Encyclopedia of Experiments: Biology
A subscription to JoVE is required to view this content.
Transcript
Please note that all translations are automatically generated.
- Verzamel eerst vliegen in het gewenste stadium van ontwikkeling en plaats ze in een steriele buis. Om alleen de interne microbiota te tellen, steriliseer de buitenkant van de vliegen door ze onder te dompelen in 70% ethanol. Om zowel de interne als externe microbiota te meten, slaat u deze sterilisatiestap over. Maal vervolgens de vliegen in een klein volume bacteriële groeimedia met behulp van keramische kralen en een weefselhomogenisator, of handmatig met een stamper.
U moet nu een homogeen mengsel hebben dat bacteriën bevat die u kunt kweken. Breng het volume van het homogenaat naar boven met behulp van vloeibaar bacterieel medium. Voer seriële verdunningen van het homogenaat uit en plaats een constant volume van deze verdunningen op het juiste vaste groeimedium voor uw bacteriën. Naarmate de bacteriën groeien, vormen zich kolonies op de plaat. Zoek de verdunning met een bereik van 10 tot 100 kolonies om de Kolonievormende Eenheden, of KVE, van het monster te bepalen.
In het voorbeeldprotocol zullen we steriele vliegen enten met een gnotobiotische of gedefinieerde bacteriecultuur en CFUs verzamelen en meten.
- Gebruik filtertips om 100 microliters 's nachts over te brengen naar een steriele microfugebuis. Breng vervolgens 200 microliters van elke cultuur over op een plaat met 96 putjes. Verwijder de monsters uit de bioveiligheidskast en centrifugeer ze om de bacteriën te pelleteren. Meet na het maken van een-, twee- en viervoudige verdunningen de optische dichtheid of OD600 op een multi-well plaatleesspectrofotometer.
Verwijder na het verkrijgen van de OD600 het supernatant met een pipettip en gebruik verse mMRS om de pellet opnieuw op te schorten. Meng de verdunde bacteriestammen in gelijke verhoudingen om een cocktail van meerdere soorten te creëren. Breng 50 microliters van de cocktail over naar de conische buizen met het steriele dieet en dechorionated eieren. Zorg ervoor dat u de bacteriën na de eioverdracht toevoegt om besmetting tussen flacons te voorkomen. Plaats vervolgens de ingeënte buizen in een incubator.

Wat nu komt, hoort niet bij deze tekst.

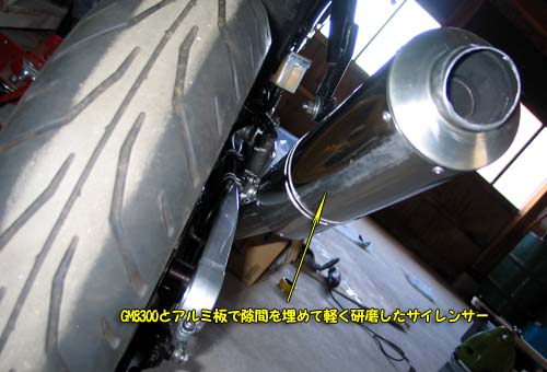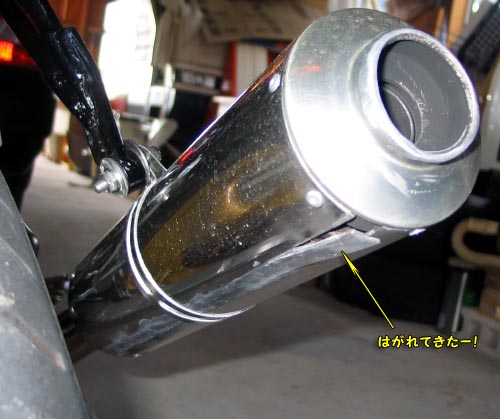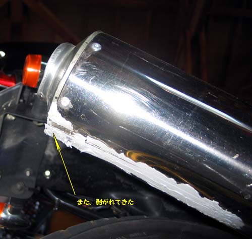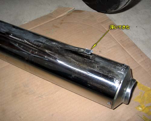 帰ってきてふとマフラーのサイレンサーを見てみると、何とGM8300で固定したアルミ板が剥がれてきているではないか。
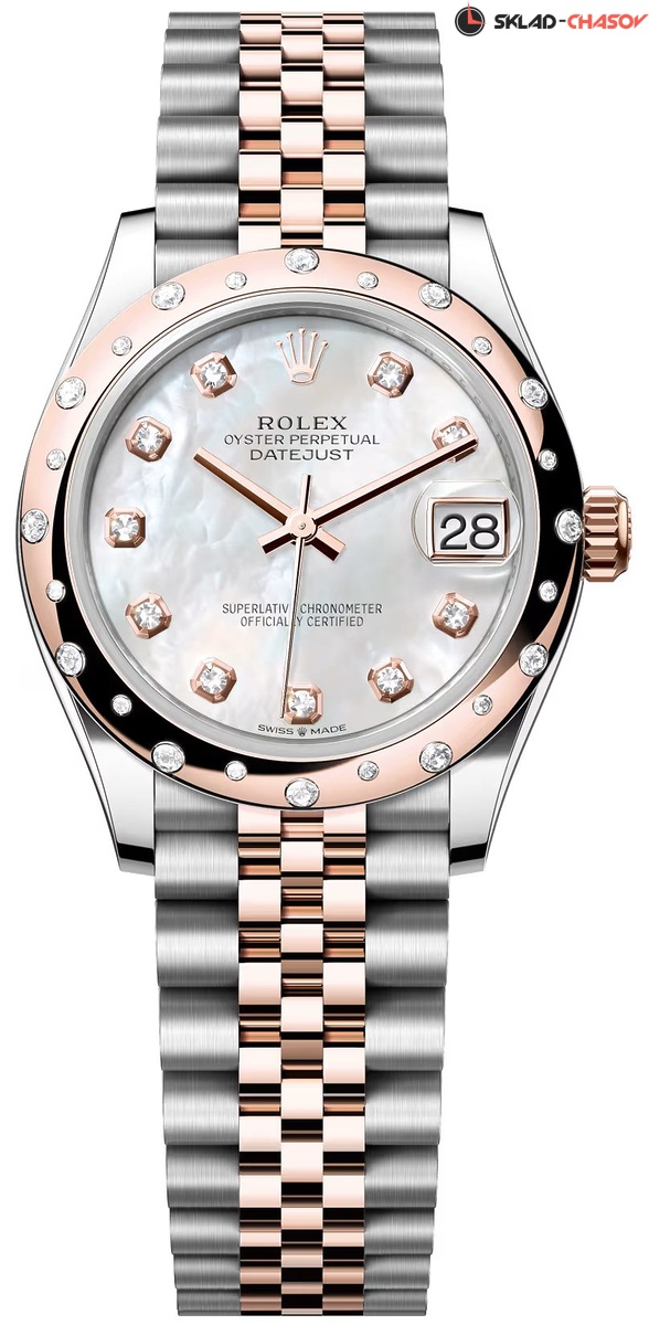 Модель 278341RBR-0026 на браслете со звеньями в 5 рядов из материала Rolesor - золото Everose 18К и Oystersteel, высокосортная сталь марки 904L. Гибкий и удобный браслет Jubilee был разработан специально для модели Oyster Perpetual Datejust, созданной в 1945 году к 40-летнему юбилею Rolex. Раскладывающаяся застежка Crownclasp скрытая под браслетом.

Om de Colony Forming Units of CFUs te meten, breng je vijf vliegen over naar een microfugebuis van 1,7 milliliter met 125 microliter keramische kralen en 125 microliters mMRS-bouillon. Homogeniseer de vliegen met behulp van een weefselhomogenisator. Er mogen geen hele stukken van de vlieg overblijven. Verdun vervolgens het homogenaat met 875 microliters mMRS, vortex het homogenaat gedurende vijf seconden en pipet 1.
Verwijder 10 microliters uit de eerste put en voeg deze toe aan de tweede put met 70 microliter MRS. Meng de inhoud van de tweede put grondig. Breng vervolgens 10 microliters over van de tweede put naar de derde put met 70 microliter MRS en meng grondig. Breng 10 microliters van elke verdunning over op een mMRS-plaat. Beweeg de schaal lichtjes om de verdunning enkele millimeters over het oppervlak van de agar te verspreiden en laat de vloeistof drogen. tot 100 geïsoleerde kolonies. Bereken ten slotte de KVE per vlieg.